Your reply should contain the whole listing below, repeated exactly, and no images.

== SUPPLIED INFORMATION ==
....

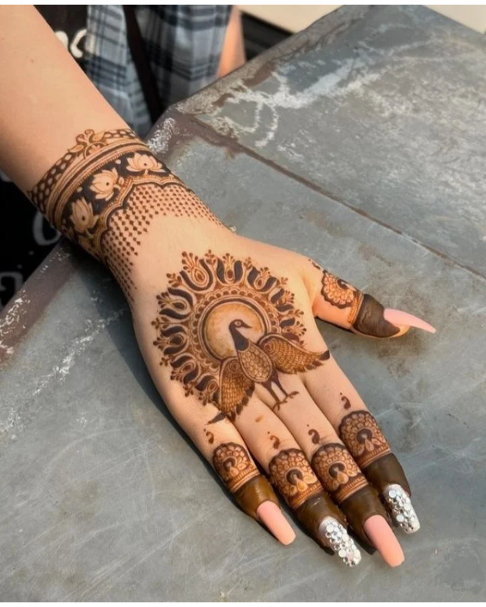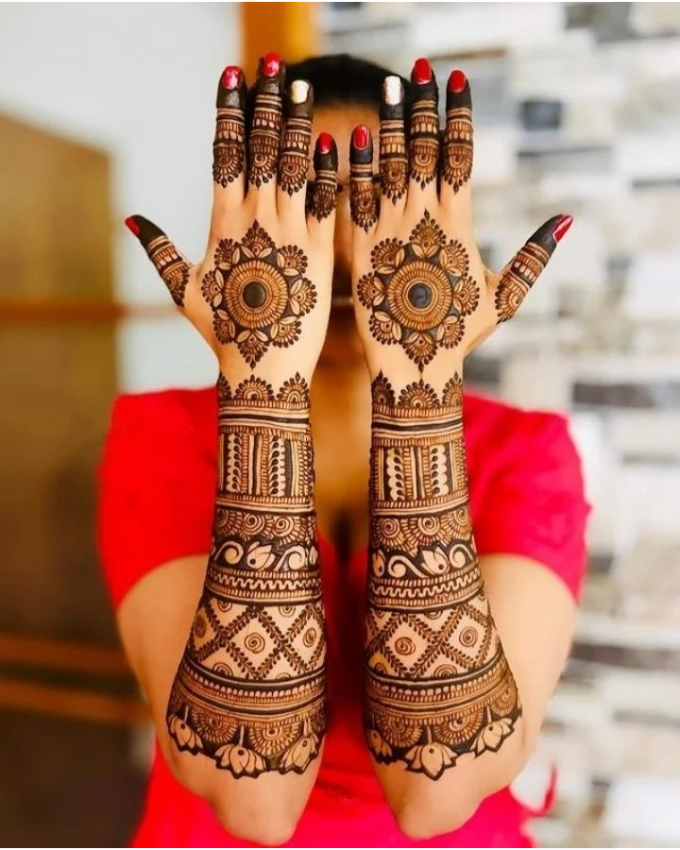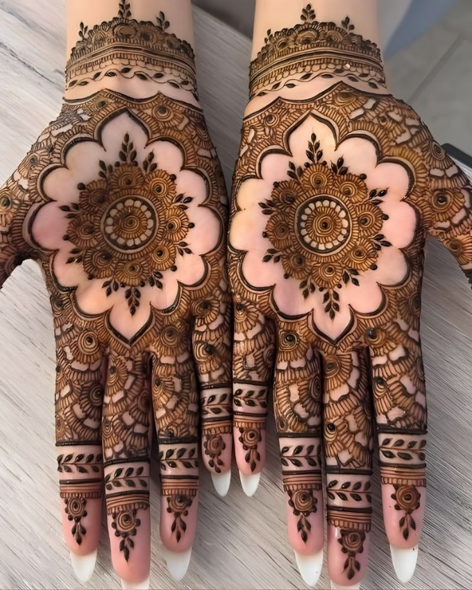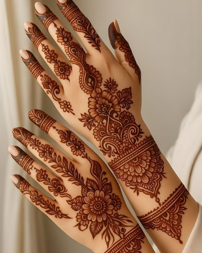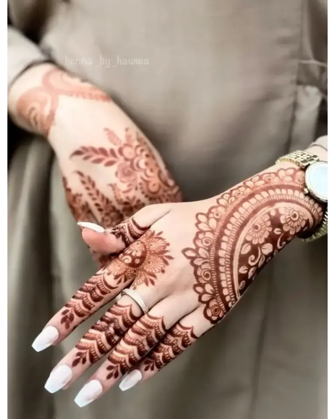 Weddings & Bridal Ceremonies: Go for a full, dense royal front hand mehndi design with intricate detailing. A Punjabi or traditional Indian style covering both front and back hand works best.
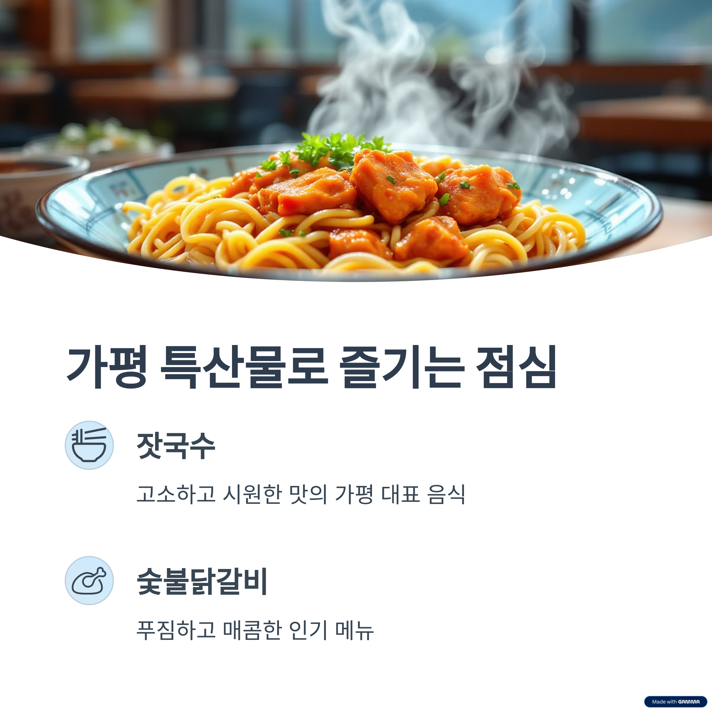 A: 가평은 잣국수와 숯불닭갈비로 유명합니다.
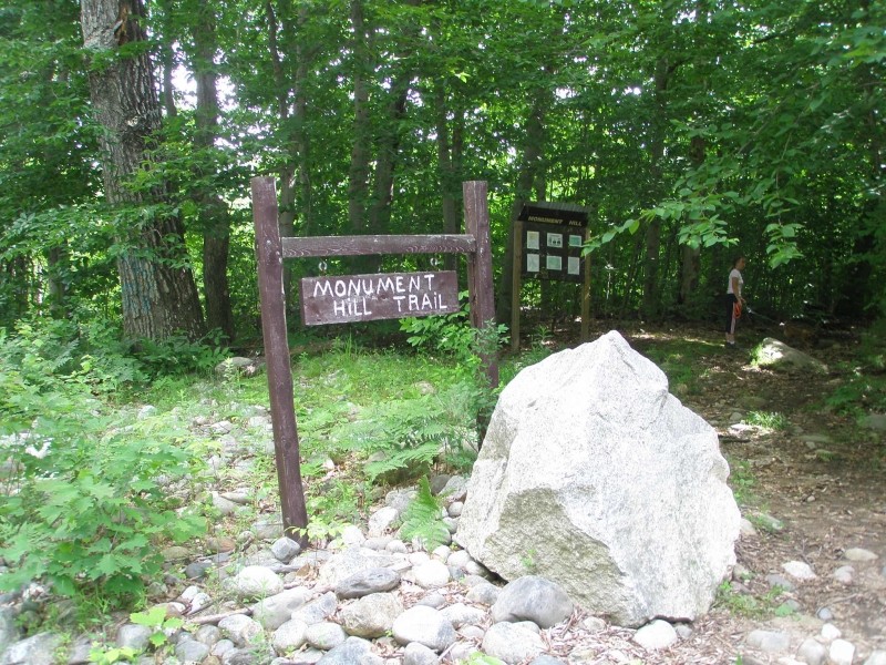 Town of LeedsMonument Hill is most easily reached off of ME Route 106 or ME Route 219 in Leeds. From ME Route 219, take North Road (approximately a half mile west of the ME Route 219/ME Route 106 intersection). Follow North Road for 2.4 miles and look for the trailhead sign and pullout on the left.

....

== SOLVED EXERCISE ==
 Weddings & Bridal Ceremonies: Go for a full, dense royal front hand mehndi design with intricate detailing. A Punjabi or traditional Indian style covering both front and back hand works best.
 A: 가평은 잣국수와 숯불닭갈비로 유명합니다.
 Town of LeedsMonument Hill is most easily reached off of ME Route 106 or ME Route 219 in Leeds. From ME Route 219, take North Road (approximately a half mile west of the ME Route 219/ME Route 106 intersection). Follow North Road for 2.4 miles and look for the trailhead sign and pullout on the left.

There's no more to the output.